Она повернулась. Сзади стоял Игорек – охранник по этажу – и загадочно лыбился.
– Суп не нравится? – поинтересовался он, наклоняясь к самому уху.
– Нормальный суп.
Она не сделала попытки отодвинуться, хотя близость Игоря была ей неприятна. С первого дня их появления на этаже он приставал к ним – к ней и Тане. Считал своим долгом навязываться в провожатые, называя это опекой. Хорошо, хоть руки не распускал. Пока…
– Вы, детдомовские, наивные. Обмануть любой может. Мне велено за вами приглядывать.
Врал или нет, неизвестно. Но замечаний ему никто не делал, когда он отирался возле гардеробной, хотя должен был ходить по всему этажу и следить за порядком.
– «Нормальный суп», – передразнил ее Игорек, придвинувшись настолько, что его подбородок улегся ей на плечо. – Чего тогда киснешь? Перерыв заканчивается. Заболела, что ли?
Мысль показалась ей удачной.
– Да. Наверное. – Она потрогала лоб ладонью и болезненно поморщилась. – Температура, что ли? Не пойму.
– Чего это вы с Танькой на пару взялись болеть?
Игорек отлип от ее спины, обошел столик и уселся напротив. Взгляд, которым он исследовал ее лицо, был липким и опасным.
– Кстати, чего это она на звонки не отвечает? Ей старший звонил, хотел узнать, когда она на работу выйдет, а телефон вне зоны.
– Сама в шоке. – Маша подняла на него честный взгляд. – Она мне пять тысяч торчит и слилась, по ходу.
– Серьезно? – сразу поверил Игорек и досадливо сморщил мало симпатичное лицо. – Ну, тогда все ясно!
– Что ясно?
– Выпросила аванс и пропала. И у тебя заняла. У меня, к слову, тоже.

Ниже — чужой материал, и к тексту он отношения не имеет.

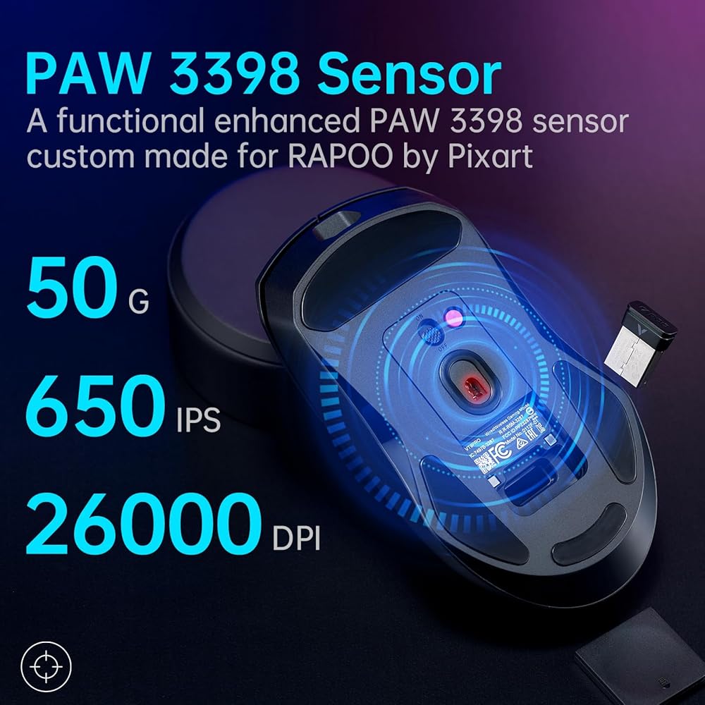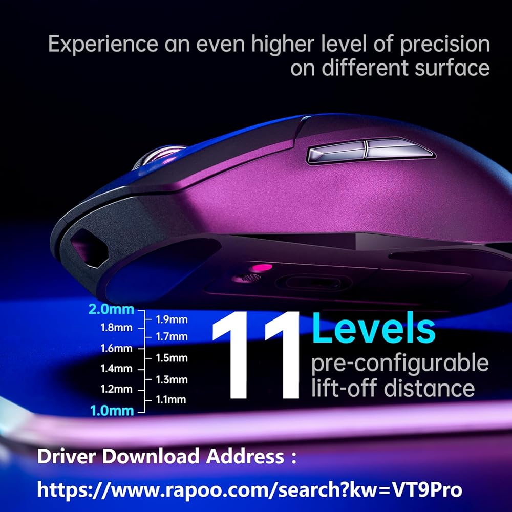 • 🎮ماوس الألعاب اللاسلكي الاحترافي من فئة ESPORTS: مغير قواعد اللعبة الذي لا يعيقك بأي شكل من الأشكال. يستخدم ماوس الألعاب Rapoo VT9Pro مستشعر Pixart PAW 3398 المتقدم، مع 650 IPS، قابل للتعديل 50-26000 نقطة لكل بوصة، وتسريع 50 جيجا. يحتوي الماوس على 11 مستوى من مسافة الإقلاع القابلة للتكوين مسبقًا لتكييف منصات الماوس المختلفة وتوفير دقة أكبر. يمكنه متابعة اليد بسلاسة والتقاط كل خطوة دقيقة من العملية بسرعة ودون فقدان الإطارات.

Низкий лоб Игорька, наверное, пошел глубокими морщинами – под челкой было не видно. Но он очень смешно сдвинул брови, а когда люди так делают, лоб морщится. Это были ее личные наблюдения.
– Слушай, Машка, может, она просто сбежала, а ни хрена не заболела?
Это было бы лучшим вариантом, только вряд ли могло быть правдой. Таня не могла сбежать просто так. Здесь у нее была работа, за которую неплохо платили. В городе – квартира, своя собственная, выданная ей государством, как круглой сироте. Таня квартиру свою любила, стерегла от посторонних. В гости никого не звала, даже Машу.
– Это мое личное пространство, – любила говорить Таня. – Все мое, включая цветочки на обоях. И посторонним там делать нечего.
Чтобы она бросила все, о чем мечтала долгие годы сиротства, и сбежала? Вряд ли. Но в это хотелось верить.
– Может, и сбежала, – произнесла она, глянув на Игоря с неожиданно появившейся надеждой. – Она могла быть такой, знаешь, безголовой.
– Вот вы – детдомовские – все такие. Приручаешь вас, приручаешь, а вы все в лес смотрите, – произнес Игорек с сожалением и поднялся со стула, взглянув на нее строго. – Доедай свой суп и за стойку. Мария Яковлевна тебя вечно подменять не будет…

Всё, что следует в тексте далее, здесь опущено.